- The task
Reproduce the records below in full and word for word, excluding pictures.
(Records shown begins)
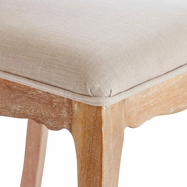 Beautifully hand carved from solid pieces of mango wood, the Giselle Set of 2 Dining Chairs features a stylish French design. Upholstered with a natural cotton slub fabric, cushioned with foam and fibre for luxurious comfort, complete with elegantly curved legs. The Giselle chairs would make a beautiful addition to your dining space.
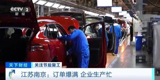在南京市江北新區(qū)的一家大型汽車生產(chǎn)企業(yè),其中一個(gè)車間面積4萬(wàn)平方米,產(chǎn)線從腳下延伸到了頭頂,工作人員正在緊張忙碌著,一輛輛嶄新的汽車高效地走向流水線。這里每天可以生產(chǎn)汽車1000輛左右。一些剛剛上市的新款新能源汽車產(chǎn)品,銷售非?;鸨?,訂單已經(jīng)排到了今年下半年。正月初五這里已經(jīng)全員在崗趕訂單。這個(gè)車間,每天兩個(gè)班組,1200多名工人日夜在崗,這個(gè)數(shù)字是去年春節(jié)同期的2.5倍。
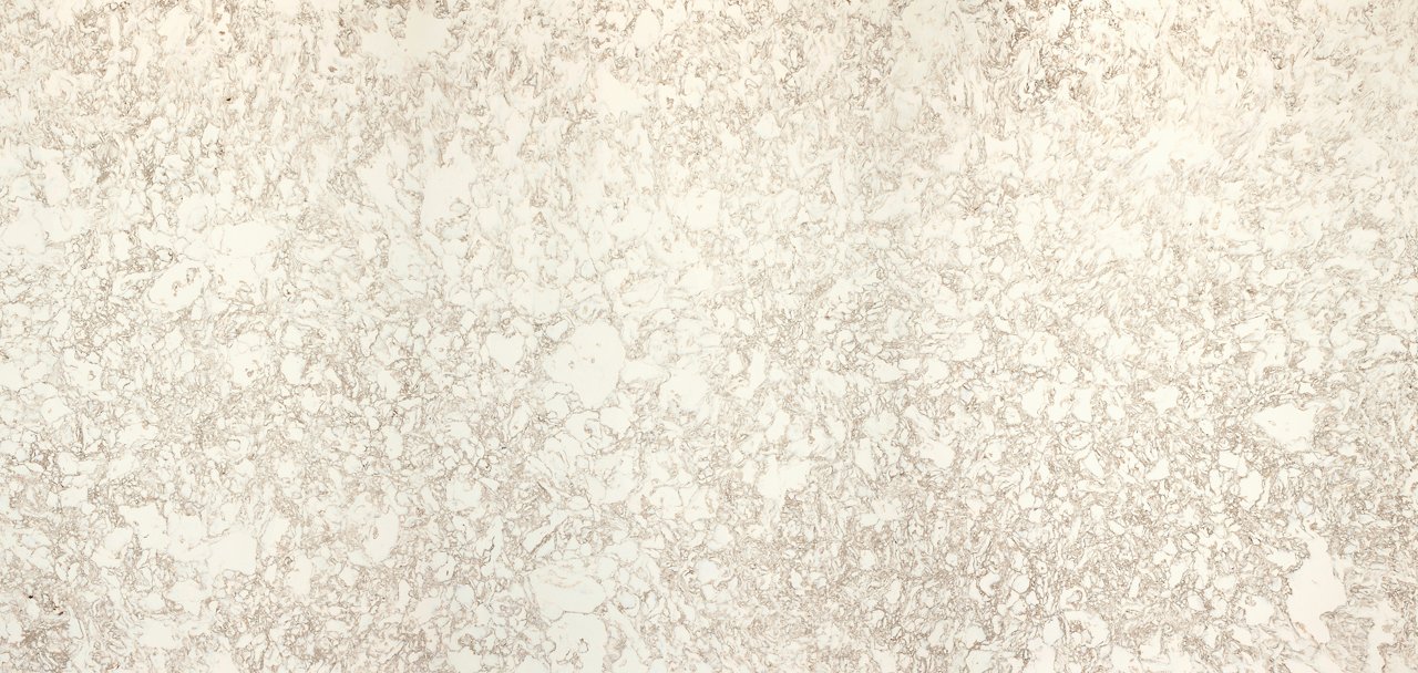 This design sample is a small select cut from a slab; it does not fully exhibit all the design characteristics of the final installed product. Cambria is pure natural quartz. Variations in the natural quartz stone color, pattern, size, shape, and shade are unique and inherent characteristics of this product. Cambria is not a seamless product; seams are visible. Where there are seams, the product pattern and shade will change. These variations do not affect performance and do not qualify for product replacement. Cambria Matte® finish will show surface markings caused during normal use, which are easily removed by simply washing with a soft cotton cloth and warm water; use a mild soap if desired. This design has large visible surface movement.
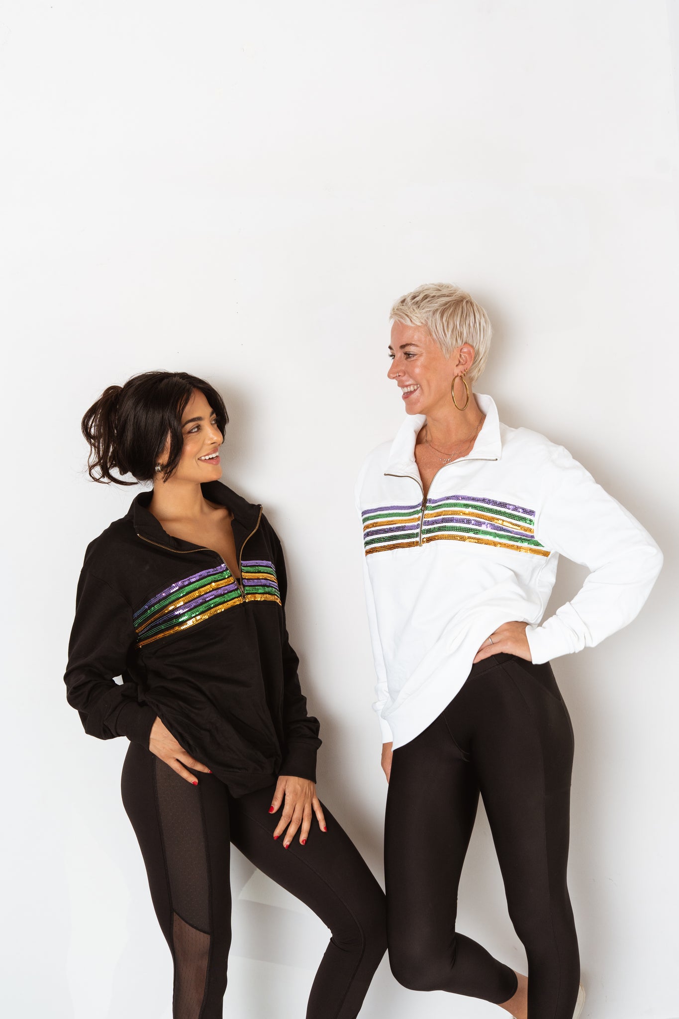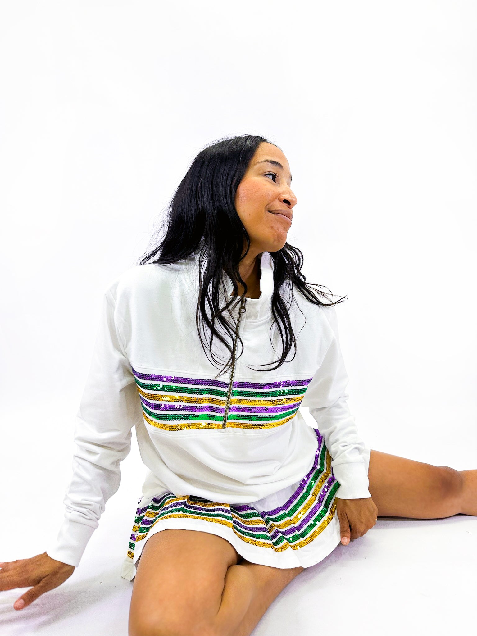 Featuring vibrant purple, green, and gold sequin stripes across the chest, this Adult Sequin Chest Stripe 1/4 Zip Pullover combines festive sparkle with sporty tennis-inspired comfort. The crisp white fabric and convenient quarter-zip design make it perfect for layering during cooler days or cheering on your favorite floats. Add a playful pop of color and shimmer to your Mardi Gras wardrobe.
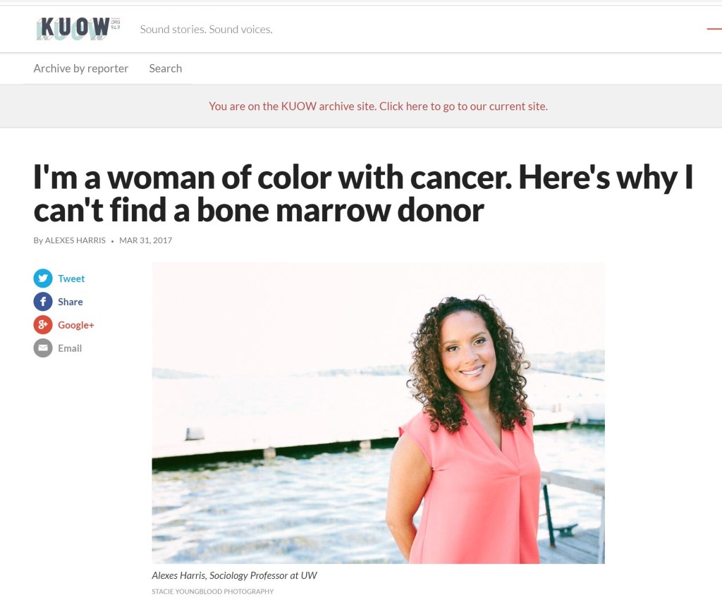 I continue to talk with audiences about my cancer journey to raise awareness about disparities in health outcomes for people of color, to raise awareness of the marrow registry and cord blood donation programs, and to remind those of us with a cancer diagnosis that cancer is not an immediate death sentence – and that we can and should live our lives to its fullest as long as we can.
(Records shown ends)
- Solution for this exercise
 Beautifully hand carved from solid pieces of mango wood, the Giselle Set of 2 Dining Chairs features a stylish French design. Upholstered with a natural cotton slub fabric, cushioned with foam and fibre for luxurious comfort, complete with elegantly curved legs. The Giselle chairs would make a beautiful addition to your dining space.
在南京市江北新區(qū)的一家大型汽車生產(chǎn)企業(yè),其中一個(gè)車間面積4萬(wàn)平方米,產(chǎn)線從腳下延伸到了頭頂,工作人員正在緊張忙碌著,一輛輛嶄新的汽車高效地走向流水線。這里每天可以生產(chǎn)汽車1000輛左右。一些剛剛上市的新款新能源汽車產(chǎn)品,銷售非?;鸨?,訂單已經(jīng)排到了今年下半年。正月初五這里已經(jīng)全員在崗趕訂單。這個(gè)車間,每天兩個(gè)班組,1200多名工人日夜在崗,這個(gè)數(shù)字是去年春節(jié)同期的2.5倍。
 This design sample is a small select cut from a slab; it does not fully exhibit all the design characteristics of the final installed product. Cambria is pure natural quartz. Variations in the natural quartz stone color, pattern, size, shape, and shade are unique and inherent characteristics of this product. Cambria is not a seamless product; seams are visible. Where there are seams, the product pattern and shade will change. These variations do not affect performance and do not qualify for product replacement. Cambria Matte® finish will show surface markings caused during normal use, which are easily removed by simply washing with a soft cotton cloth and warm water; use a mild soap if desired. This design has large visible surface movement.
 Featuring vibrant purple, green, and gold sequin stripes across the chest, this Adult Sequin Chest Stripe 1/4 Zip Pullover combines festive sparkle with sporty tennis-inspired comfort. The crisp white fabric and convenient quarter-zip design make it perfect for layering during cooler days or cheering on your favorite floats. Add a playful pop of color and shimmer to your Mardi Gras wardrobe.
 I continue to talk with audiences about my cancer journey to raise awareness about disparities in health outcomes for people of color, to raise awareness of the marrow registry and cord blood donation programs, and to remind those of us with a cancer diagnosis that cancer is not an immediate death sentence – and that we can and should live our lives to its fullest as long as we can.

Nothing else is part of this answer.